Required action: Only the lines from the one bearing "blue asymmetric button" through the end of the listing belong in your response, restated word for word and without pictures.

Dataset content:
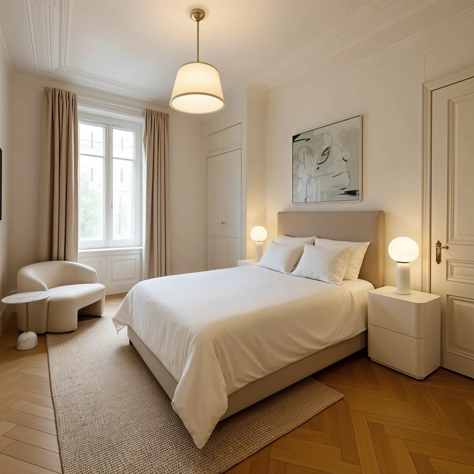 Magnifiquement appartement luxueux meublé, avec 3 grandes chambres et deux salles de bains (une en suite avec baignoire, l'autre avec douche à l'italienne), c'est un lieu de vie idéal pour un couple ou une famille.
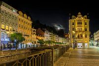 Der berühmteste böhmische Kurort, dessen Bedeutung weit über die Landesgrenzen reicht, liegt im westlichsten Teil Tschechiens, im reizvollen Tal des Flusses Tepl. Karlsbad verfügt über hübsche Promenaden, prächtige Häuser, zauberhafte Kurkolonnaden und belebende Heilquellen. Idyllische Nachtaufnahme bei Vollmond vom Ufer der Tepl.
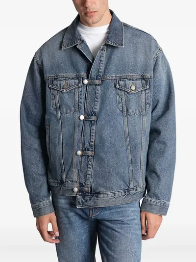 blue asymmetric button fastening chest flap pockets point collar long sleeves buttoned cuffs
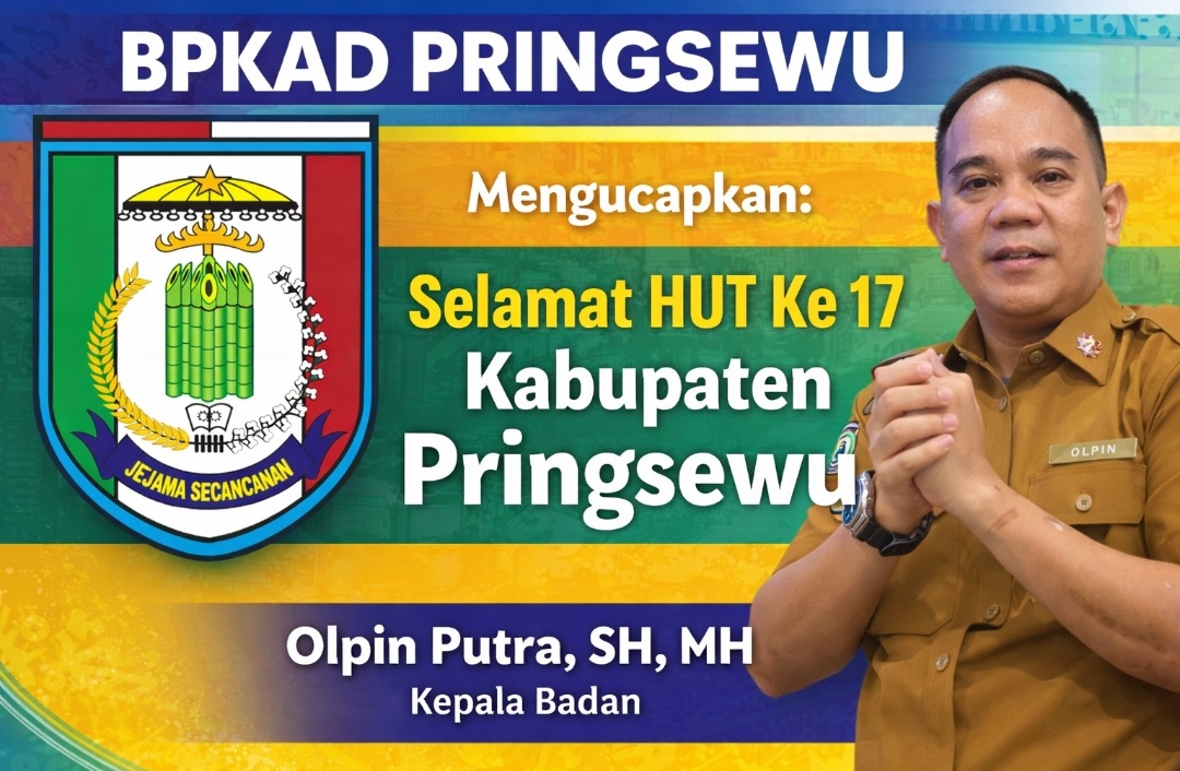 Ucapan tersebut disampaikan oleh Kepala BPKAD Kabupaten Pringsewu, Olpin Putra, SH, MH, sebagai bentuk dukungan terhadap kemajuan dan pembangunan daerah yang terus berkelanjutan.

Solution below:
 blue asymmetric button fastening chest flap pockets point collar long sleeves buttoned cuffs
 Ucapan tersebut disampaikan oleh Kepala BPKAD Kabupaten Pringsewu, Olpin Putra, SH, MH, sebagai bentuk dukungan terhadap kemajuan dan pembangunan daerah yang terus berkelanjutan.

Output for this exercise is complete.